You can start an RQ worker from your terminal. Ensure you have rq installed (pip install rq) and that your Redis server is running.

# In a separate terminal, from your project's root directory
rq worker mqtt_pipelines --url redis://localhost:6379
  • Replace mqtt_pipelines with the queue_name specified in your flowerpower-mqtt configuration.
  • Replace redis://localhost:6379 with your redis_url.

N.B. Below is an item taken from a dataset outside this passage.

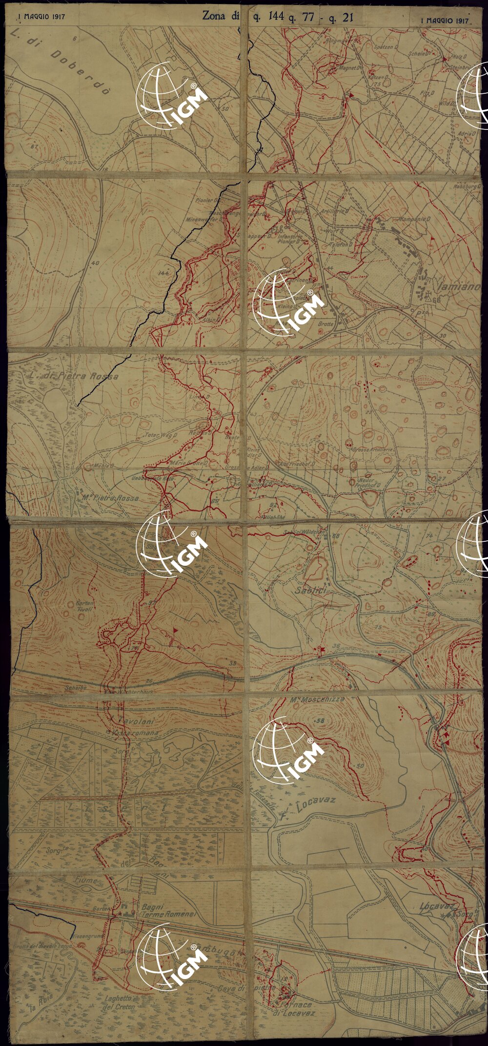 PROPRIETA’ MUSEO STORICO III ARMATA (PADOVA) – Sistemazione difensiva Austriaca desunta da fotografie di aviatori e informazioni dai prigionieri. Fronte e Retro

You can run multiple RQ workers to process jobs concurrently. Each worker will pick up jobs from the queue as they become available.

Managing Workers via CLI

The flowerpower-mqtt CLI provides convenience commands for managing RQ workers:

  • flowerpower-mqtt jobs worker status: Checks if RQ workers are running for the configured queue.
  • flowerpower-mqtt jobs worker start --count N: Provides the command to manually start N RQ workers.
  • flowerpower-mqtt jobs worker stop: Attempts to stop running RQ worker processes.

Job Lifecycle

  1. Message Reception: flowerpower-mqtt receives an MQTT message on a subscribed topic.
  2. Execution Mode Check: If the subscription's execution_mode is "async" or "mixed" (and QoS is 0/1), the pipeline execution is prepared as a job.
  3. Job Enqueueing: The job is enqueued into the configured RQ queue (e.g., mqtt_pipelines) in Redis.
  4. Worker Processing: An available RQ worker picks up the job from the queue.
  5. Pipeline Execution: The worker executes the specified FlowerPower pipeline, passing the MQTT message data as input.
  6. Job Completion/Failure:
    • If the pipeline completes successfully, the job is marked as finished.
    • If the pipeline fails, the job is marked as failed, and RQ may retry it based on the max_retries setting.

Monitoring Jobs

You can monitor the status of enqueued and executed jobs using both the CLI and programmatic methods.

CLI Monitoring

Use the flowerpower-mqtt jobs status command to get an overview of the job queue:

flowerpower-mqtt jobs status

This command provides information about whether the job queue is enabled and details about the queue name and type.

Programmatic Monitoring

The MQTTPlugin.get_statistics() method includes information about the job queue if it's enabled.

import asyncio
from flowerpower_mqtt import MQTTPlugin

async def main():
    mqtt = MQTTPlugin.from_config("mqtt_config.yml")
    await mqtt.connect()

    stats = mqtt.get_statistics()
    if stats.get("job_queue_enabled"):
        print(f"Job Queue Name: {stats['job_queue_stats']['queue_name']}")
        print(f"Job Queue Type: {stats['job_queue_stats']['type']}")
        # Additional RQ-specific monitoring would require direct RQ API interaction

    await mqtt.disconnect()

if __name__ == "__main__":
    asyncio.run(main())

For more detailed job monitoring (e.g., viewing individual job statuses, retries, or worker health), you would typically use RQ's built-in tools like rqinfo or integrate with a monitoring dashboard that supports RQ.